Wednesday, November 16, 2016

How Doctors Handle Folks 'Not Able to Pay', 1919

“Not Able to Pay!” from the November, 1919, issue of The Health Bulletin, published by the North Carolina State Board of Health

Classification of School Children Into Well-to-do and Indigent is Un-American, Un-Democratic, Un-Christian

No zydogactile bard of the order Psittacci ever told himself  “Pretty Polly!” with more satisfaction than otherwise responsible people derive from mouthing “Not able to pay.” It is unction to their souls. It is balm for many a troubled conscience.

“O, yes, this hospital offers free treatment to those who are not able to pay,” says the President of the Board of Visitors, adding, of course, “except a small fee to take care of incidentals.”

“Special provision for those who are not able to pay”; the “worthy poor”; “children of the poor”; “for charity” are a few of the canting generalities which cover a multitude of the sins of omission.
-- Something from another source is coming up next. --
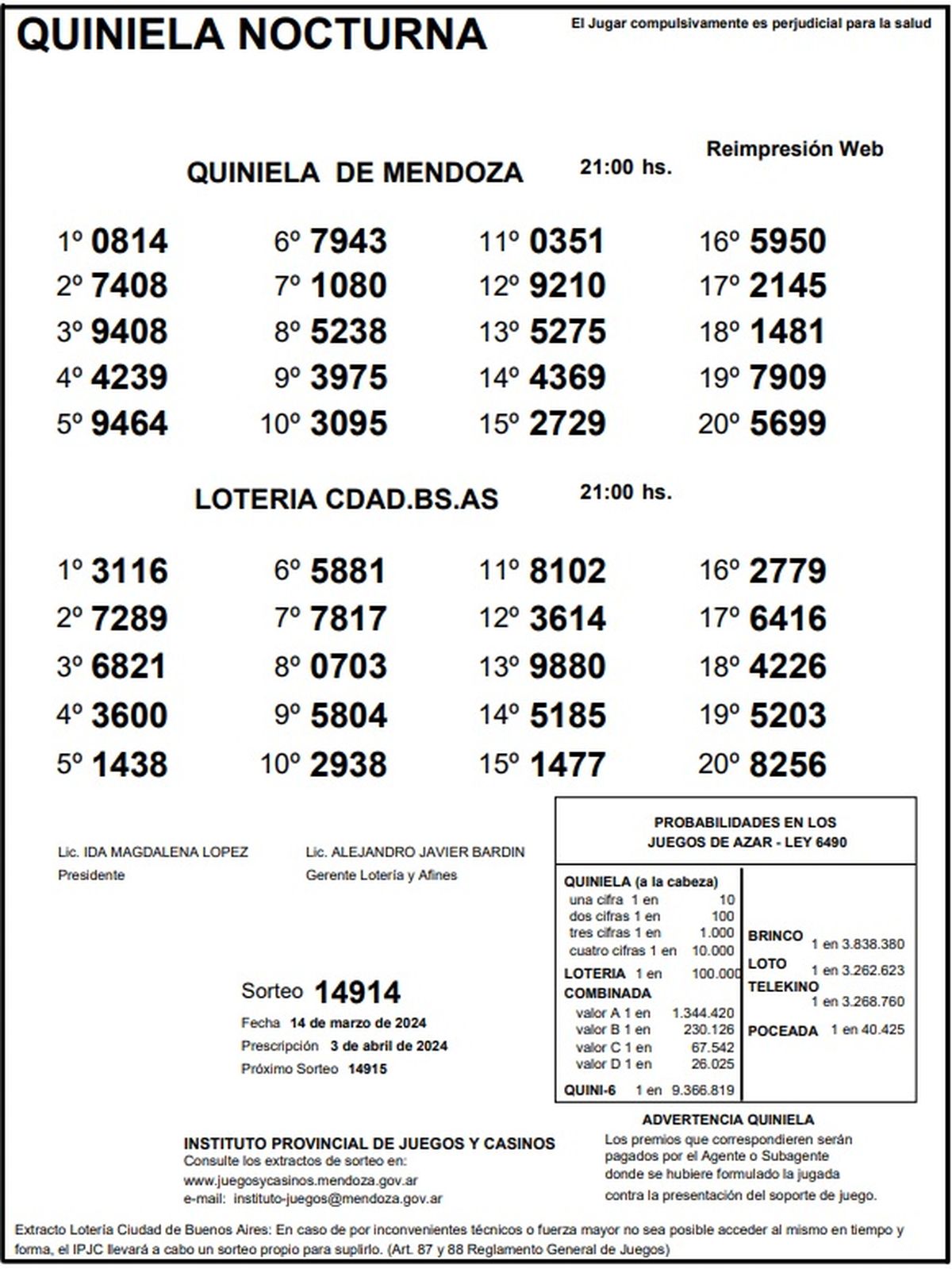 Quiniela de Mendoza: resultados de la Nocturna de hoy, 14 de marzo de 2024

The North Carolina State Board of Health is neither Bolshevik nor Prussian; nor is its mission the setting of a wrong world right. But some of us who have played the game of life in the rough—who have practiced medicine and occasionally ourselves bound up a wound, as well as sat on “the rail” and watched the big men operate—have so often been balked in a sincere attempt to render honest service by the trite, satisfied reply, “Oh, yes, if he is not able to pay,” that we have become convinced that the expression itself is a howling hypocrite.

Suffering humanity means just exactly nothing to us, but suffering individuals whom it is partly our duty to assist mean everything. This peculiarly applies to the correction of common physical defects of thousands of school children in North Carolina.